Let us consider, A plane charged sheet (It is a thin sheet so it will have surface charge distribution whether it is a conducting or nonconducting sheet) whose surface charge density is $\sigma$. From symmetry, Electric field intensity is perpendicular to the plane everywhere and the field intensity must have the same magnitude on both sides of the sheet. Let point $P_{1}$ and $P_{2}$ be the two-point on the opposite side of the sheet.

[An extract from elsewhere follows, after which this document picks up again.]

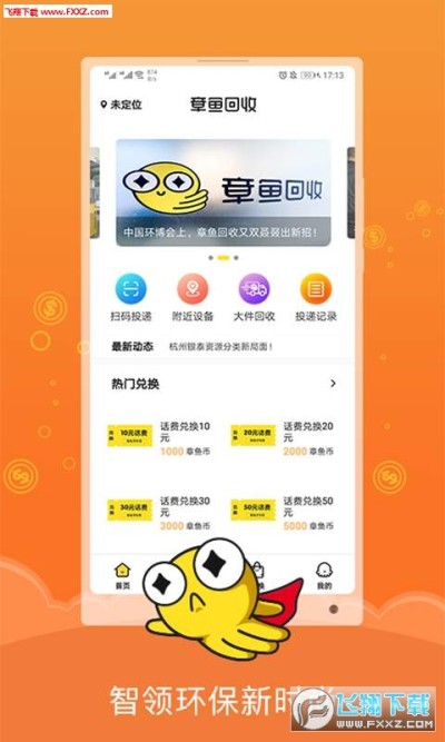 【扫码投递】用章鱼回收APP扫描智能回收柜上二维码,分类投放可回收资源;
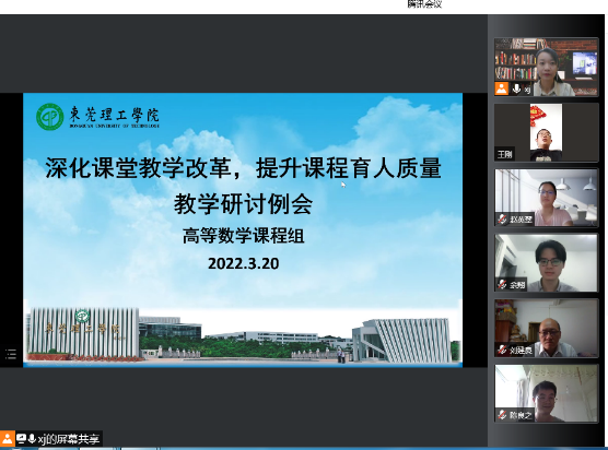 2022年3月20日下午16:00-17:00高等数学和工程数学课程组在腾讯会议平台举行了“深化课堂教学改革,提升课程育人质量”教学研讨例会。会议由肖静老师主持,高等数学和工程数学课程组全体老师参会。

To use Gaussian law, we construct a cylindrical Gaussian surface of cross-section area $\overrightarrow{dA}$, which cuts the sheet, with points $P_{1}$ and $P_{2}$. The electric field $\overrightarrow{E}$ is normal to end faces and is away from the plane. Electric field $\overrightarrow{E}$ is parallel to cross-section area $\overrightarrow{dA}$. Therefore the curved cylindrical surface does not contribute to the flux i.e. $\oint \overrightarrow{E} \cdot \overrightarrow{dA}=0$.Hence the total flux is equal to the sum of the contribution from the two end faces. Thus, we get

$\phi_{E}=\int_{A} \overrightarrow{E} \cdot \overrightarrow{dA}+\int_{A} \overrightarrow{E} \cdot \overrightarrow{dA}$

$\phi_{E}= \int_{A} E \: dA \:cos 0^{\circ} +\int_{A} E \: dA \:cos 0^{\circ}$

Here the direction of $\overrightarrow{E}$ and $\overrightarrow{dA}$ is same. So the angle will be $\theta = 0^{\circ}$.
 Infinite plane thin sheet

$\phi_{E}= \int_{A} E \: dA +\int_{A} E \: dA$

$\phi_{E}= \int_{A} 2E \: dA$

$\phi_{E}= 2E \int_{A} \: dA$

$\phi_{E}= 2E\:A$

$\frac{q}{\epsilon_{0}}=2E\:A \qquad \left \{\because \phi_{E}=\frac{q}{\epsilon_{0}} \right \}$

$E=\frac{q}{2\epsilon_{0} A}$

$\because q=\sigma A$, So the above equation can be written as:

$E=\frac{\sigma A}{2\epsilon_{0} A}$

$E=\frac{\sigma}{2\epsilon_{0}}$

Electric field intensity due to the uniformly charged infinite conducting plane thick sheet or Plate:

Let us consider that a large positively charged plane sheet having a finite thickness is placed in the vacuum or air. Since it is a conducting plate so the charge will be distributed uniformly on the surface of the plate. Let $\sigma$ be the surface charge density of the charge

Let's take a point $P$ close to the plate at which electric field intensity has to determine. Since there is no charge inside the conducting plate, this conducting plate can be assumed as equivalent to two plane sheets of charge i.e sheet 1 and sheet 2.
 Plane Charged Plate

The magnitude of the electric field intensity $\overrightarrow {E_{1}}$ at point $P$ due to sheet 1 is →

$E_{1}=\frac{\sigma}{2\epsilon_{0}}$    (away from sheet 1)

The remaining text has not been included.